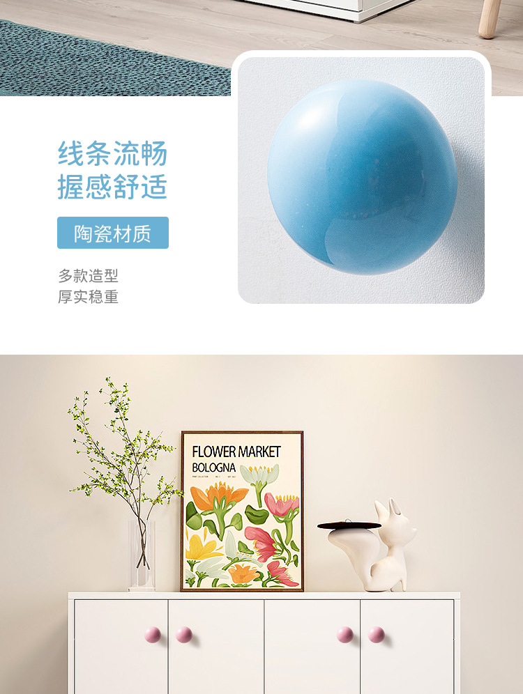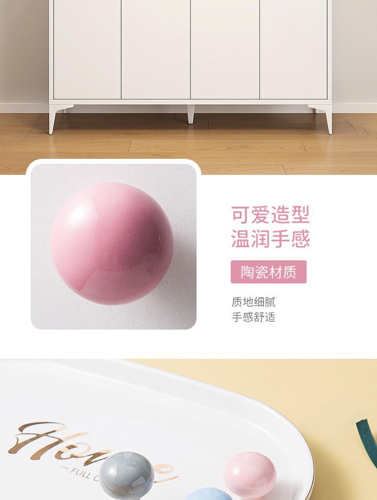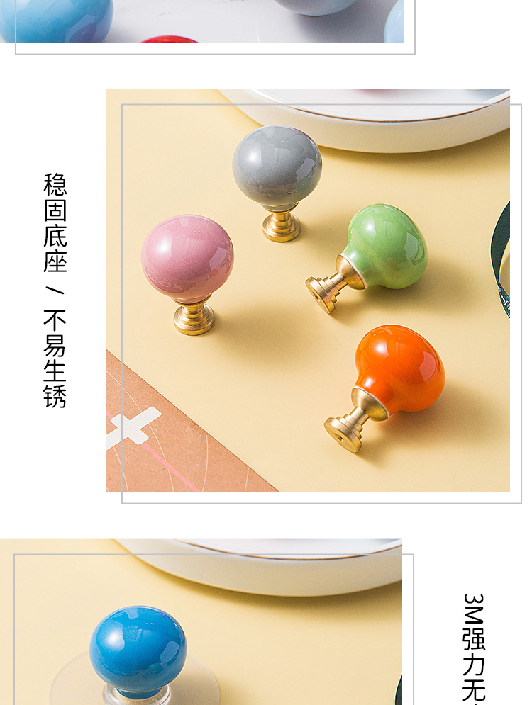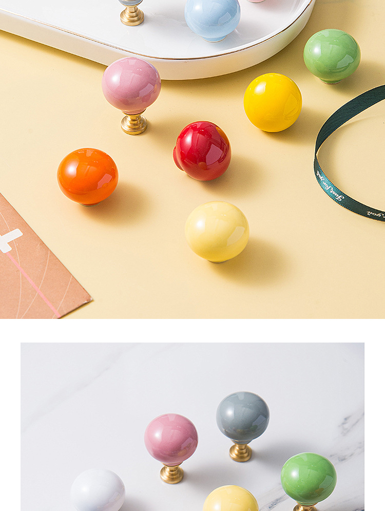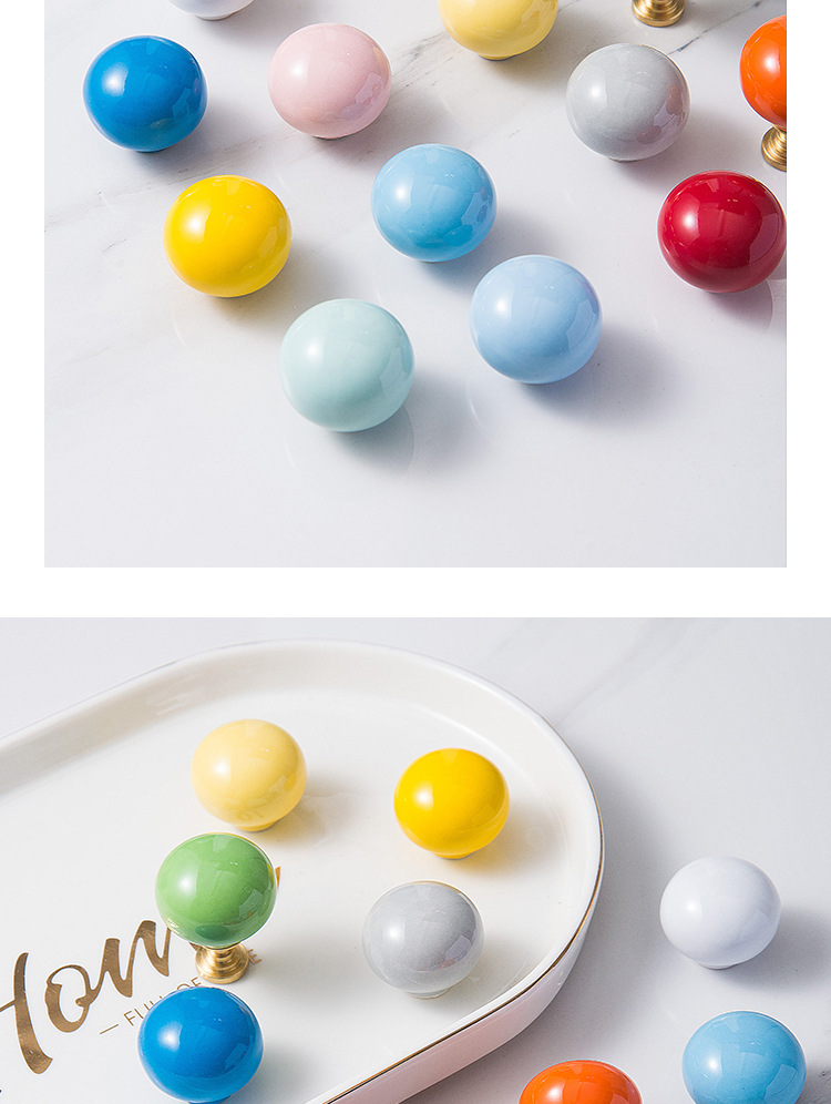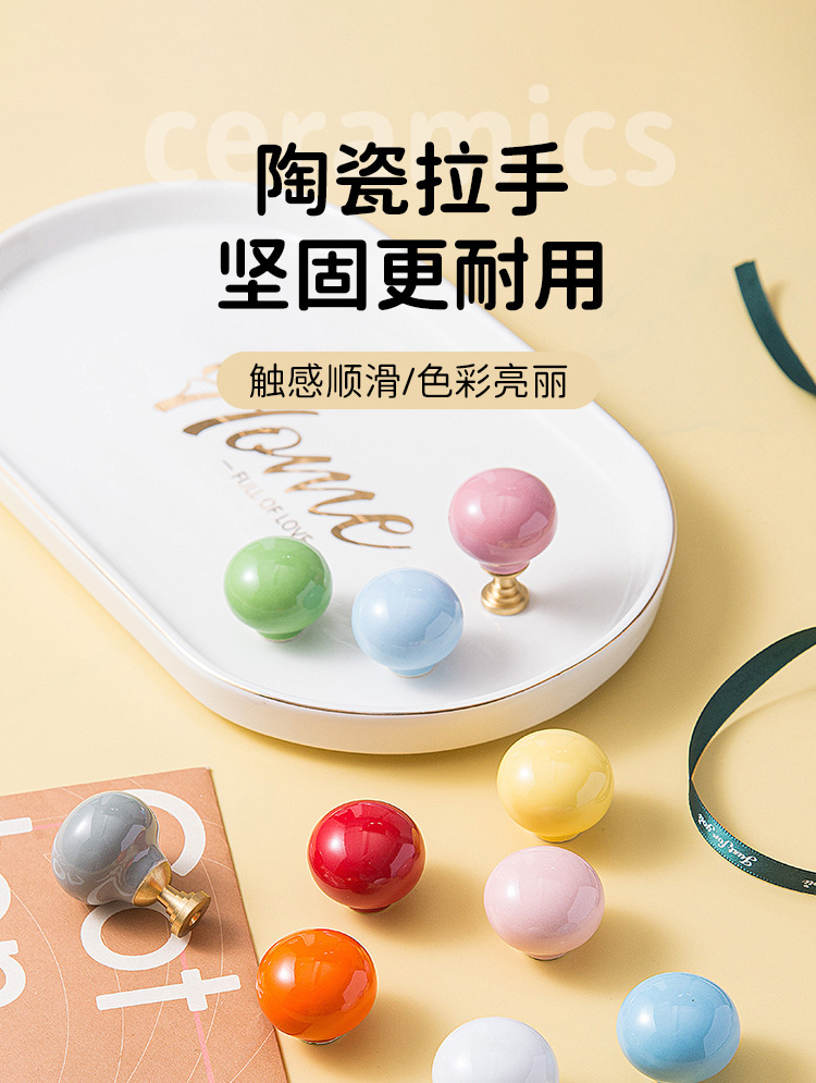 Pegangan keramik modern minimalis untuk pintu lemari laci kabinet, kenop bola bulat lucu, furnitur perdagangan luar negeri baru untuk anak-anak.
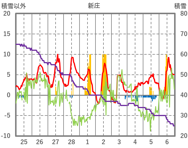 | 日 | 時 | 気温 | 降水 | 風向/風速 | 日照 | 積雪 | 降雪 |
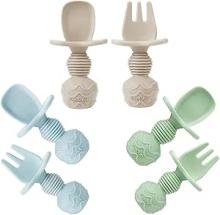 PandaEar Lot de 6 cuillères et fourchettes en silicone pour bébé - Contre les coques - Premiers ustensiles auto-alimentés pour les maisons de décantation LED de bébé à l'âge de 3 mois (bronzage : Amazon.com.be: Bébé et Puériculture
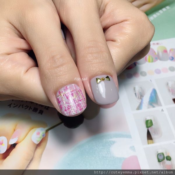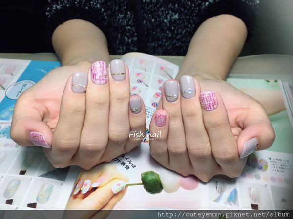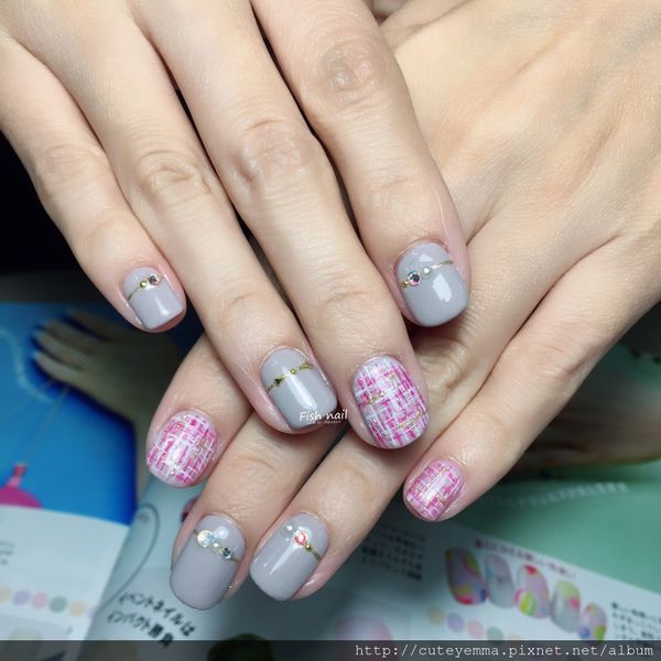 美甲老師幫我設計了一個小香風毛妮彩繪X珍珠鑽飾
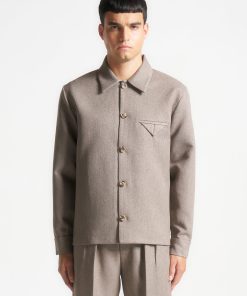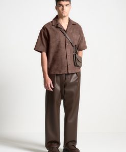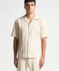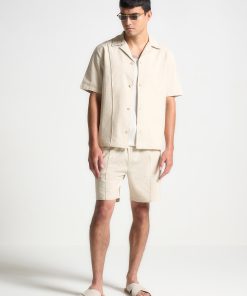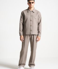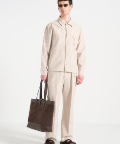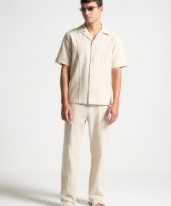 Manière De Voir Men’s Louis – Relaxed Fit Textured Belted Tailored Trousers – Stone | Stone
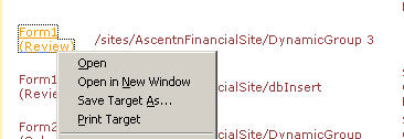Unlike the actual document or form library which you can use the option of 'Save Target As...' to save the document or form, the document link does not refer to the actual link to the document, instead it is associated with a JavaScript call. Therefore, trying to use the 'Save Target As...' option will return the above error in which the document cannot be saved here.
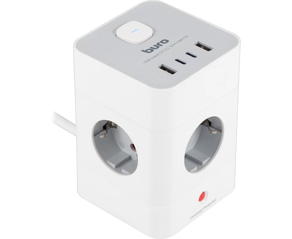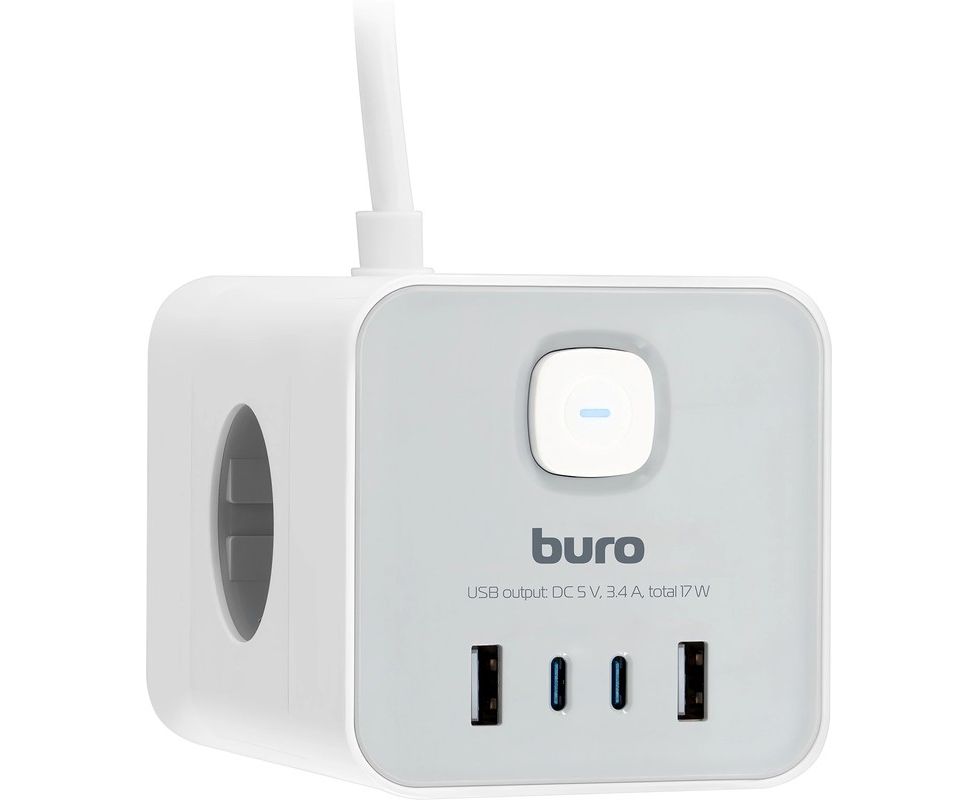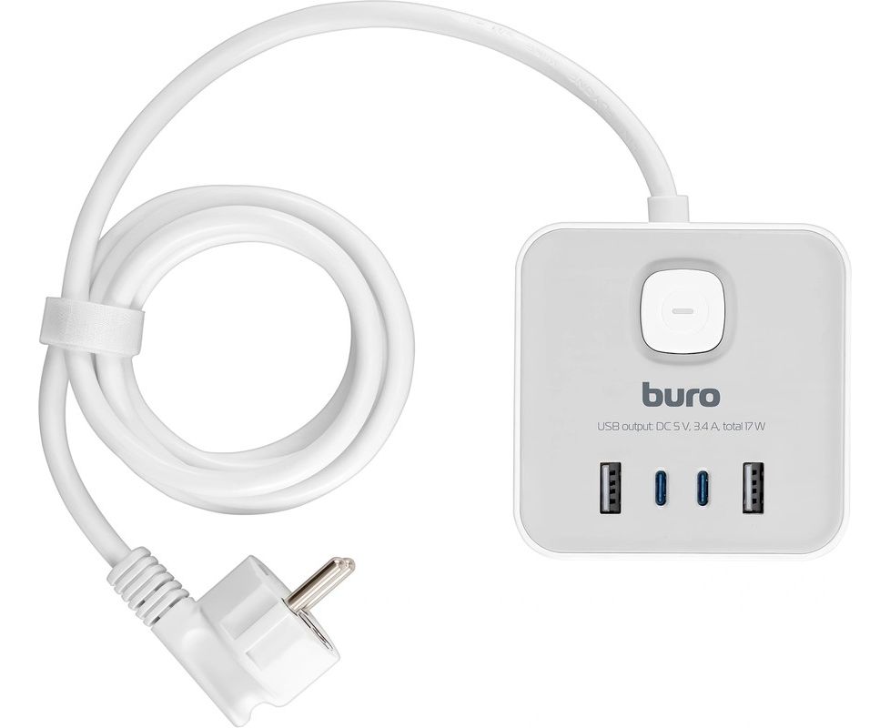 Сетевой удлинитель Buro BU-PTE4.1UC-W, 1.5м, белый
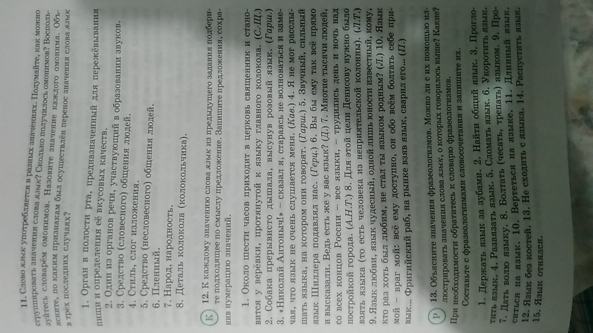 Тут нужно из упражнения 12 выписать все предложения, и к каждому из них подобрать лексическое значение слова ,,язык,, (из упражнения 11)
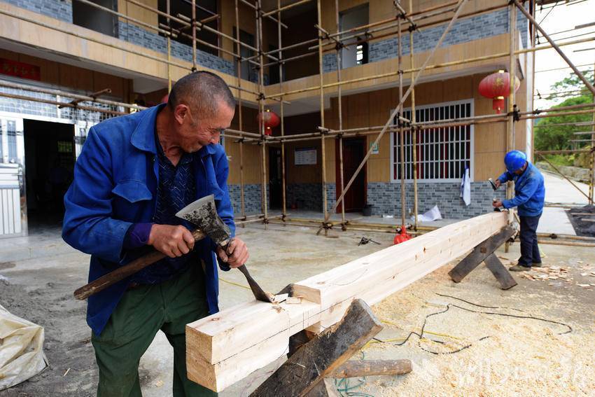 6月6日,在咸丰县黄金洞乡水杉坪村一处吊脚楼营造技艺施工现场,国家级非遗项目土家族吊脚楼营造技艺州级代表性传承人姜胜建(左)在制作吊脚楼的梁木。李维君摄
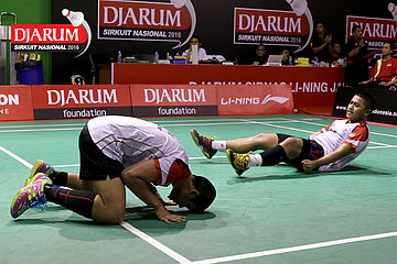 Selebrasi Kemenangan Haffiz Nur Adila/Helmi Abbu (Djarum Kudus).
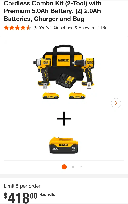 Show all20V Max DeWalt ATOMIC Combo Kit + 5AH XR Lithium Battery Pack
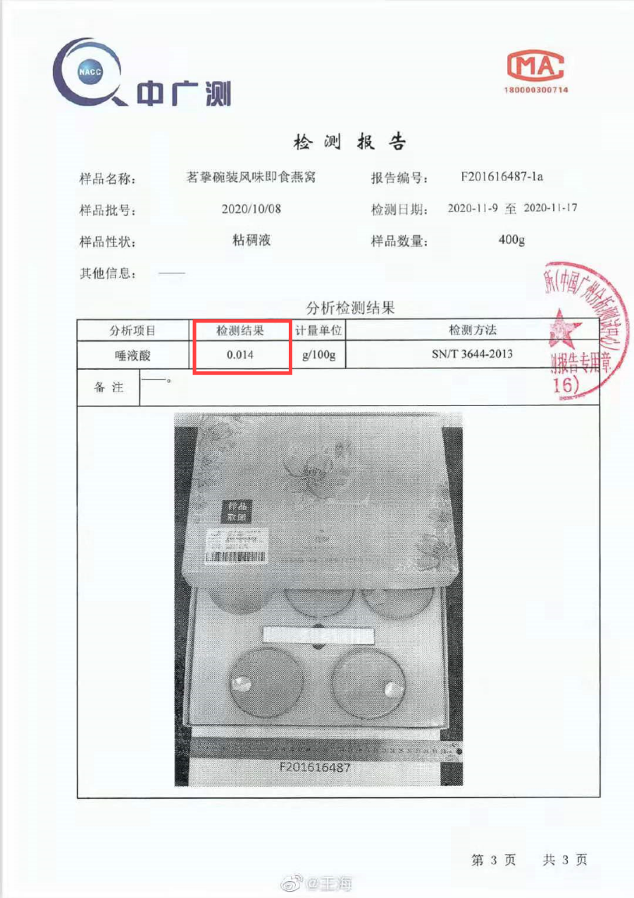 王海则回复“当燕窝忽悠粉丝的茗挚糖水唾液酸含量高达万分之一点四,价值高达人民币0.07元!目测成本每碗连带包材、内容物、加工费,工业成本不超过1块钱!”
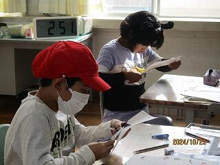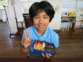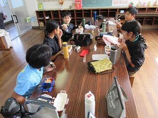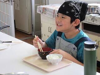 今日は5年生が、5~6校時の家庭科の時間に調理実習を行いました。「ごはんとみそ汁」を作りました。みそ汁の具は、大根・ネギ・油揚げの予定でしたが、昼休みに収穫した学校の椎茸も入れ、具だくさんのみそ汁となりました。2人とも時々家で料理の手伝いをするので、野菜切りも上手で、洗い物も協力し合いながら行っていました。自分達で作ったごはんとみそ汁は、おかわりをするほど美味しかったようです

= = = =

Leaving the pictures out, output all of the listing exactly.

 Pegangan keramik modern minimalis untuk pintu lemari laci kabinet, kenop bola bulat lucu, furnitur perdagangan luar negeri baru untuk anak-anak.
 | 日 | 時 | 気温 | 降水 | 風向/風速 | 日照 | 積雪 | 降雪 |
 PandaEar Lot de 6 cuillères et fourchettes en silicone pour bébé - Contre les coques - Premiers ustensiles auto-alimentés pour les maisons de décantation LED de bébé à l'âge de 3 mois (bronzage : Amazon.com.be: Bébé et Puériculture
 美甲老師幫我設計了一個小香風毛妮彩繪X珍珠鑽飾
 Manière De Voir Men’s Louis – Relaxed Fit Textured Belted Tailored Trousers – Stone | Stone
Unlike the actual document or form library which you can use the option of 'Save Target As...' to save the document or form, the document link does not refer to the actual link to the document, instead it is associated with a JavaScript call. Therefore, trying to use the 'Save Target As...' option will return the above error in which the document cannot be saved here.
 Сетевой удлинитель Buro BU-PTE4.1UC-W, 1.5м, белый
 Тут нужно из упражнения 12 выписать все предложения, и к каждому из них подобрать лексическое значение слова ,,язык,, (из упражнения 11)
 6月6日,在咸丰县黄金洞乡水杉坪村一处吊脚楼营造技艺施工现场,国家级非遗项目土家族吊脚楼营造技艺州级代表性传承人姜胜建(左)在制作吊脚楼的梁木。李维君摄
 Selebrasi Kemenangan Haffiz Nur Adila/Helmi Abbu (Djarum Kudus).
 Show all20V Max DeWalt ATOMIC Combo Kit + 5AH XR Lithium Battery Pack
 王海则回复“当燕窝忽悠粉丝的茗挚糖水唾液酸含量高达万分之一点四,价值高达人民币0.07元!目测成本每碗连带包材、内容物、加工费,工业成本不超过1块钱!”
 今日は5年生が、5~6校時の家庭科の時間に調理実習を行いました。「ごはんとみそ汁」を作りました。みそ汁の具は、大根・ネギ・油揚げの予定でしたが、昼休みに収穫した学校の椎茸も入れ、具だくさんのみそ汁となりました。2人とも時々家で料理の手伝いをするので、野菜切りも上手で、洗い物も協力し合いながら行っていました。自分達で作ったごはんとみそ汁は、おかわりをするほど美味しかったようです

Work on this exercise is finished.